Saturday, December 13, 2014

Kathy's WWII Awareness Survey



My co-worker at a previous job, named Kathy, once designed and administered a national survey under the guidance of a world-famous sociologist, to learn how much people still knew about World War Two.   This was in the late Eighties, when there were still millions of living veterans of that war in every town -- the numbers are thinning out considerably now.  The video stores were packed with titles like Hell In The Pacific, Ensign Pulver and Stalingrad, and TV was showing daily reruns of McHale's Navy and Hogan's Heroes.  College film courses required you to watch Night and Fog and Triumph of the Will  -- all of it! -- and English classes wanted you reading Hersey's Hiroshima cheek by jowl with Heller's Catch-22.  A lot of your teachers, your parents or grandparents, your neighbors, the TV repairman, your pharmacist, that guy with no legs who lived in the alley behind the house...they all fought in that war, or lost someone in it, or came to the USA to get away from it.  These people knew the war ditties, they remembered the ration coupons and recycling drives, the plane spotters and USO girls, and of course they remembered the Baby Boom after it was all over.  Kathy and I were both Boomers ourselves.  So Kathy set up a phone survey to see what erudite college students like ourselves knew about the biggest war that ever happened in human history.  She was targeting the educated middle-class kids, in other words, most of them attending college on money generated by that very war.

This was only about 15 years after the last man in active combat in that war, Hiro Onoda, who had been living in the Philippine jungles all this time, killing anyone who got too close and thinking the war was still going on, was convinced to come on home to Japan.   

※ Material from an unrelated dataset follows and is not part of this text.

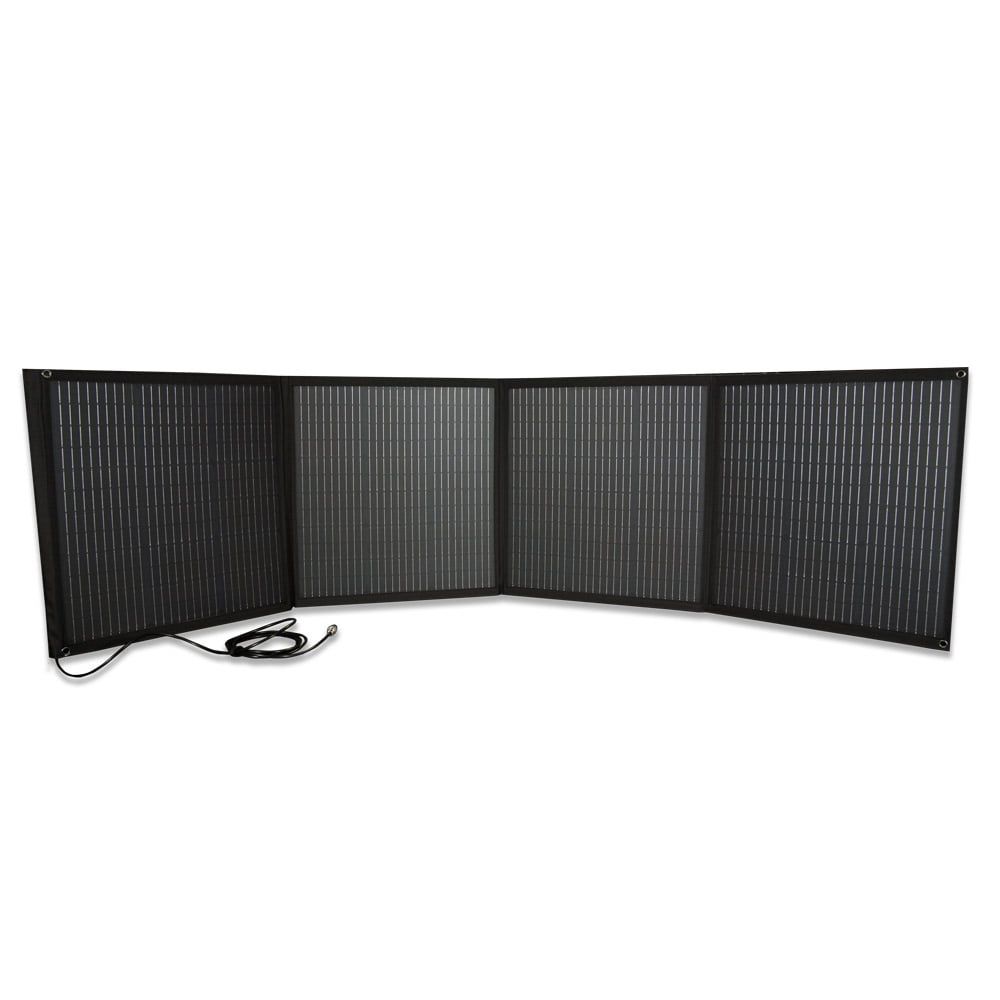 Монокристалічна розкладана сонячна панель для автономної роботи або в складі зарядних станцій Kraft; максимальна потужність панелі 200 Вт; напруга холостого ходу 24.2 В; струм короткого замикання 10.7 А; номінальна напруга 20.5 В; номінальний струм 9.7 А; вихідний роз’єм живлення GX20 4pin; розмір в розкладеному стані 2205 / 570 мм, транспортувальний розмір 570 / 546 мм
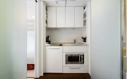 Serwis nieruchomościowy Zoopla oferuje na sprzedaż miniaturowe mieszkanie w dzielnicy Kensington. Mikroapartament jest naprawdę mikro. Na stronie nie ma informacji jaka ma powierzchnię. Ze zdjęć wynika jednak, że składa się z części mieszkalno-sypialnej w której po rozłożeniu kanapy nie zostaje dużo miejsca orz łazienki (prysznic, wc i umywalka) oraz wnęki kuchennej znajdującej się zaraz za progiem. Wielkością przypomina raczej schowek na szczotki, niż mieszkanie. Znajduje się na drugim pietrze eleganckiej kamienicy przy Longridge Road.

What did Kathy find out with her survey?

  • Everyone more or less knew who Adolf Hitler was.
  • About half had heard of Joe Stalin.  Not everyone who recognized the name knew who he was, though.
  • Mussolini?  Who's he?  Never heard of him.
  • Practically nobody knew who Hirohito was.
  • Some of them who Franklin Delano Roosevelt was.  Not everyone knew his role in that war, though.
  • Only a few respondents knew what the key points of dispute were in the Second World War.
  • Most respondents did not know when the war happened.
  • Most were not clear on when the USA entered the war, or why.  To some, it was news that the USA fought in that war at all.
  • Not everyone knew whose side the USA was on.
  • Not everyone knew how it came out at the end.
  • Everyone had heard of the Holocaust.  Almost nobody knew why it happened or how many people died in it.  Not everyone knew it was connected to the war, and of those who did, not everyone knew how it was connected.
  • A handful knew Anne Frank's name.  They were far from clear on who she was -- one respondent said she was "a little blind and deaf girl who overcame her problems."
And this was decades BEFORE the Internet supposedly stopped up our heads with kitten memes and excised our ability to read anything longer than a paragraph-long Wikipedia article.

I wonder what the results would be if she ran those questions by college students today?